Nutrition Classification In Toddlers at UPTD Puskesmas Tigaraksa Using A Comparison of Support Vector Machine (SVM) and K-Nearest Neighbor (KNN) Methods
DOI:
https://doi.org/10.59141/jrssem.v2i09.415Keywords:
Toddler Nutrition; Data Mining; Classification; Support Vector Machine and K-Nearest Neightbour methods; WEKA Tools.Abstract
Toddler are a group of people who are vulnerable to nutritional problems. If the incidence of malnutrition is not addressed, it will have a negative impact on children under five, malnutrition is a condition experienced by a person due to a lackof nutritional intake of the amount of nutrients consumedis below. Health centers are required to improve and organize helath services as well as possible therefore researchers conduct research at the UPTD Tigaraksa Health Center by doing comparison of classification results on toddler nutritional data using the Support Vector Machine and K-Nearest Neighbor methods using WEKA Tools.

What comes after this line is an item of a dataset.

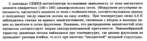 С помощью СКВИД-магнитометра исследована зависимость от поля магнитного момента квадратных (100 χ 100) джозефсоновских сеток. Обнаружена регулярная зависимость магнитного момента от поля с особенностями, соответствующими целому и полуцелому числу квантов потока на одну ячейку. При температурах ниже 5.8 К наблюдались скачки на кривых намагничивания, связанные с входом и выходом лавин из десятков и сотен флуксонов. Показано, что распределение вероятностей этих процессов соответствует теории самоорганизованной критичности. Лавинообразный характер движения потока наблюдался при температурах, где размер флуксонов не превышает размера ячейки, то есть при наличии "дискретной" вихревой структуры.

Based on the result of a comparison between the Support Vector Machine and K-Nearest Negihbor methods using WEKA Tools by carrying out 5 (five) stages of testing namely : Use Training Set, 4 Cross-Validation, 8 Cross-Validation, 50% Percentage Split dan 80% Percentage Split, the results show that the Support Vector Machine method Kernel Radial Basis Function (RBF) is an average accuracy value of 100% higher than the K-Nearest Neighbor Euclidean Distnace algorithm with an average accuracy of 93%.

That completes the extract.